The Tang brothers' move to consolidate holdings in CK Tang, a Singapore retail icon, to bolt down succession plans has triggered a cash offer for roughly 2 per cent of shares that they do not own. In doing so, the brothers have made public that they do not intend to create a Reit (real estate investment trust) for the department store property.
An offer document published on Thursday showed Tang Holdings acquired the 98.2 per cent of shares held by several parties including Tang Wee Kit, who runs Tang Holdings, and Kerith Holdings, which is controlled by Tang Wee Sung.
Tang Holdings is required by regulations to extend the same offer to the remaining shareholders in CK Tang, and so has offered to buy them out at S$0.35 per share. The Business Timesunderstands that the offer was meant mainly to satisfy regulatory conditions.

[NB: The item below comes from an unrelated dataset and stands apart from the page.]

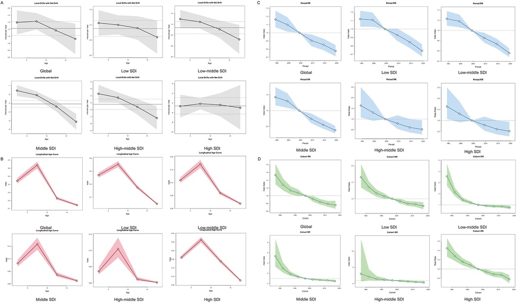 The age-period-cohort analysis identified a consistent peak in age-specific risk around the 5–9 years group across all SDI regions. The favorable period and cohort effects globally likely stem from secular improvements in nutrition, sanitation, and management of immunocompromising conditions like HIV, which have collectively reduced population-level risk. The global decline in HL burden is consistent with improved control of known risk factors, such as the expansion of antiretroviral therapy leading to improved immune function in people living with HIV. These observations suggest that continued public health gains in these areas are crucial for sustained progress.

The offer document also stated Tang Holdings will not increase the offer price.
"A family succession planning exercise was undertaken by Tang Wee Kit and Tang Wee Sung in May 2006 to ensure that shares held by the brothers. . . which constituted the Tang family assets, remained in the family," the offer document said.
"Tang Wee Sung has decided that the final step to complete the family succession planning exercise is appropriate at this time, hence the sale of shares by the brothers either personally or through their respective vehicles to the offerer (Tang Holdings)."
This comes as Tang Wee Kit's eldest son, Sean Tang, is said to be groomed for leadership. The younger Tang, who is in his early 30s, was last reported in 2015 to be focused on operations at Tang Plaza, which houses the flagship CK Tang store and the Singapore Marriott Tang Plaza Hotel. He has three other younger siblings. Mr Tang Wee Sung, who oversees the retail business, has no children, and is said to be channelling more time towards charitable works.
This would be the fifth official buyout offered to minority shareholders, who have held on to their shares on hopes that the family would offer a bigger bounty.
The offer of 35 Singapore cents per share is a 77 per cent discount to CK Tang's net tangible asset value of S$1.54 as at March 2015.
This is also significantly below the offer of S$2 per share that CK Tang and the brothers offered to minority shareholders in 2011 through a capital reduction exercise. CK Tang then offered to cancel the remaining shares held by minority investors at S$1.30 apiece - a price then that was a 15 per cent premium to the company's fair value. The Tangs then offered "goodwill" of additional 70 cents per share - or S$3.1 million in total - that they would pay from their pockets if these shareholders voted in favour of the capital reduction. This offer was rejected.
As it is, this followed two failed delisting attempts, and the third successful privatisation in 2009.
The attempts to buy out the minority shareholders were emotionally charged affairs, as long-term shareholders, some of whom carried yellowed reports bound by raffia string to shareholder meetings, challenged the board over plans to redevelop the property, and raise the asset value, from which a buyout price is derived.
Despite challenging times for the retail and hospitality business, Tang Holdings stated in the offer document that it will continue its existing business activities. It has no plans to introduce "any major changes" to the business, re-deploy fixed assets of the company, or to retrench staff.
"In particular, the offerer has no intention of discontinuing the traditional retail business, disposing of portions of the (Orchard) property. . . redeploying the department store property, or entering into any arrangement for a real estate investment trust in respect of the department store property."
CK Tang was started by Tang Choon Keng, who had arrived to Singapore from China's Swatow in 1923. He built his business up from selling Chinese lace, and was famous for closing the retail store on Sundays due to his staunch Christian beliefs - he wanted his family and Christian staff to attend church. Mr Tang Wee Sung overturned this tradition in 1996.